For the records below, please print exactly and only the lines from the one with "Есть массажи, выкатывание" down to the one with "一碟红色湖南湘西烟熏腊肉切片在白背景上", both ends included, omitting the pictures.

*Data to use:*
*** Begin section ***

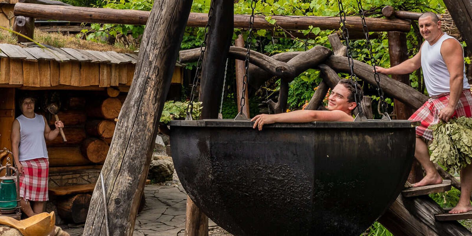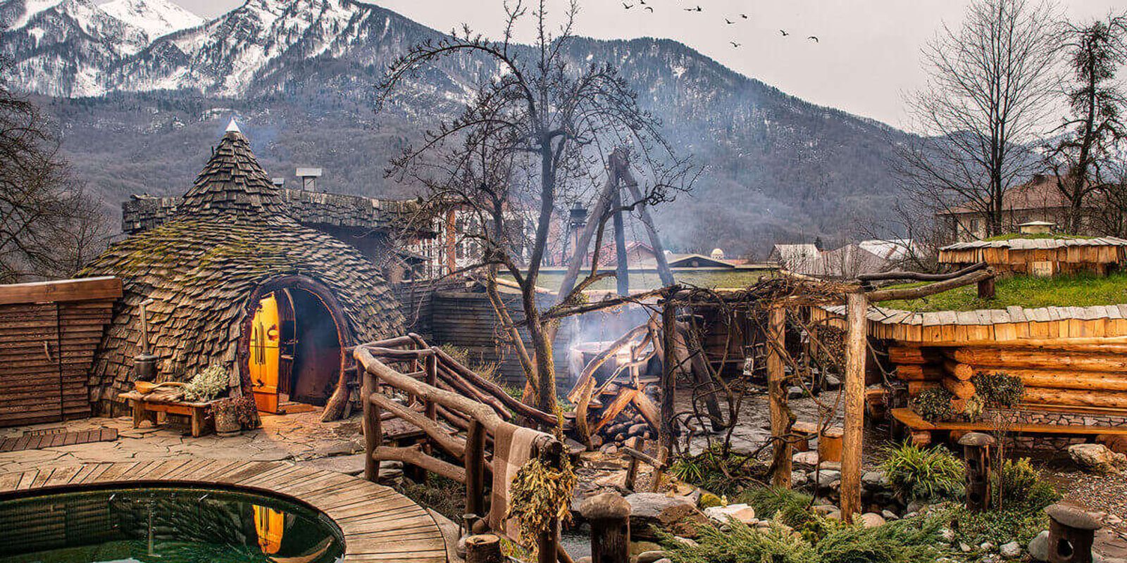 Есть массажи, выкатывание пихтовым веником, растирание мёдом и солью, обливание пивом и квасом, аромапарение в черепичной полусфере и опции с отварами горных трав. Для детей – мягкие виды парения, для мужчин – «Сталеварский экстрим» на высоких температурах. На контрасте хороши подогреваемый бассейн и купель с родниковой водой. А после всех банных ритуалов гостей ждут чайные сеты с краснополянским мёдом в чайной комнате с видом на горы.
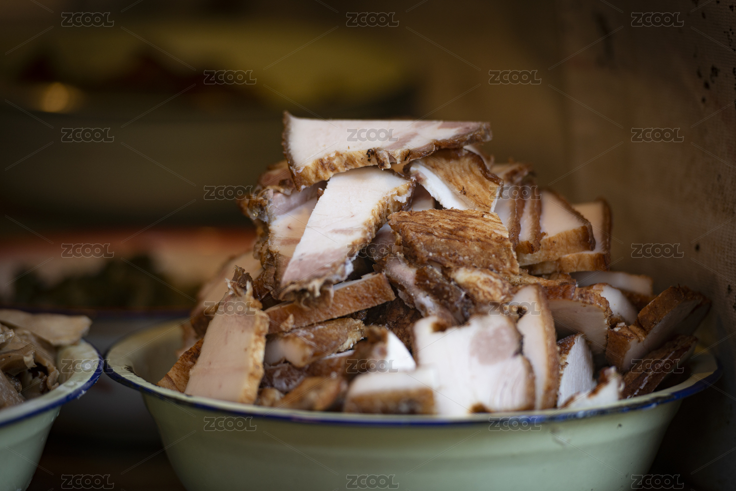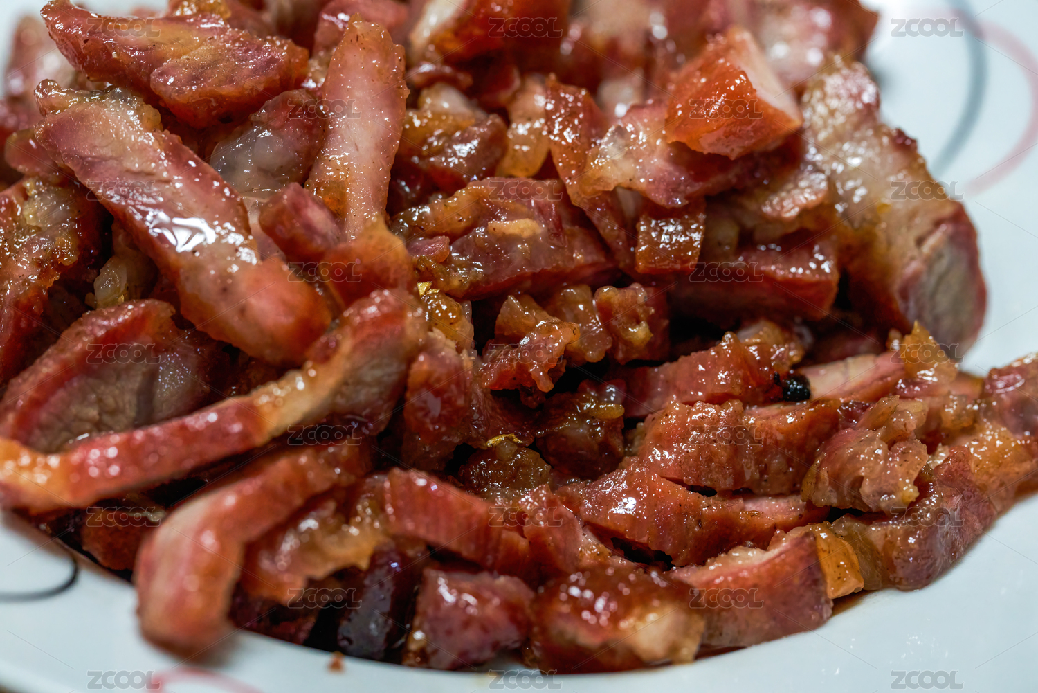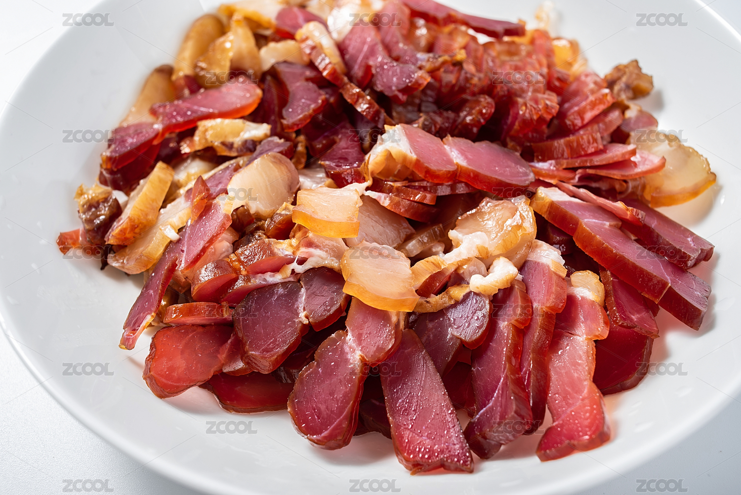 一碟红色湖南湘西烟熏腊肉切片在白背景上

*** End section ***
*** Begin section ***

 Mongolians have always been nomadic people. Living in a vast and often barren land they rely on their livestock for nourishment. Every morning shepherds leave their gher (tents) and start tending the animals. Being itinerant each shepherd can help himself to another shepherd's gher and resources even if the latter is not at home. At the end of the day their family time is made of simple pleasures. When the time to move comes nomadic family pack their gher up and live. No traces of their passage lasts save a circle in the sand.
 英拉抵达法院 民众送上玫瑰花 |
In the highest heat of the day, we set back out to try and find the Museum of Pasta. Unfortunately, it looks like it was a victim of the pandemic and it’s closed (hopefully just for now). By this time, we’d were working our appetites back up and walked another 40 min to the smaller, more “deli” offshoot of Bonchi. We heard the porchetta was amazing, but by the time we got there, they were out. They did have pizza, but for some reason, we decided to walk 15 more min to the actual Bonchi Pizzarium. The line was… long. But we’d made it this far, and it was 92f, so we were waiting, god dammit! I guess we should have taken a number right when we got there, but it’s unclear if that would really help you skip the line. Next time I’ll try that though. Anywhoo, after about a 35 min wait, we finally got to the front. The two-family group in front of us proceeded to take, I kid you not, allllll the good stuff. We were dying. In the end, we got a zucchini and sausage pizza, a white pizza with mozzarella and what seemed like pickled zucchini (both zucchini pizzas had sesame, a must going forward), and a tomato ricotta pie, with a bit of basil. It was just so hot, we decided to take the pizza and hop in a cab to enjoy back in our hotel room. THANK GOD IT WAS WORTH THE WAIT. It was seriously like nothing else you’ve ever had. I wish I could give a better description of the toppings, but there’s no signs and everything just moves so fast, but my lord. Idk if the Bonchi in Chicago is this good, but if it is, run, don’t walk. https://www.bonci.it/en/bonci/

*** End section ***

*Response box:*
 Есть массажи, выкатывание пихтовым веником, растирание мёдом и солью, обливание пивом и квасом, аромапарение в черепичной полусфере и опции с отварами горных трав. Для детей – мягкие виды парения, для мужчин – «Сталеварский экстрим» на высоких температурах. На контрасте хороши подогреваемый бассейн и купель с родниковой водой. А после всех банных ритуалов гостей ждут чайные сеты с краснополянским мёдом в чайной комнате с видом на горы.
 一碟红色湖南湘西烟熏腊肉切片在白背景上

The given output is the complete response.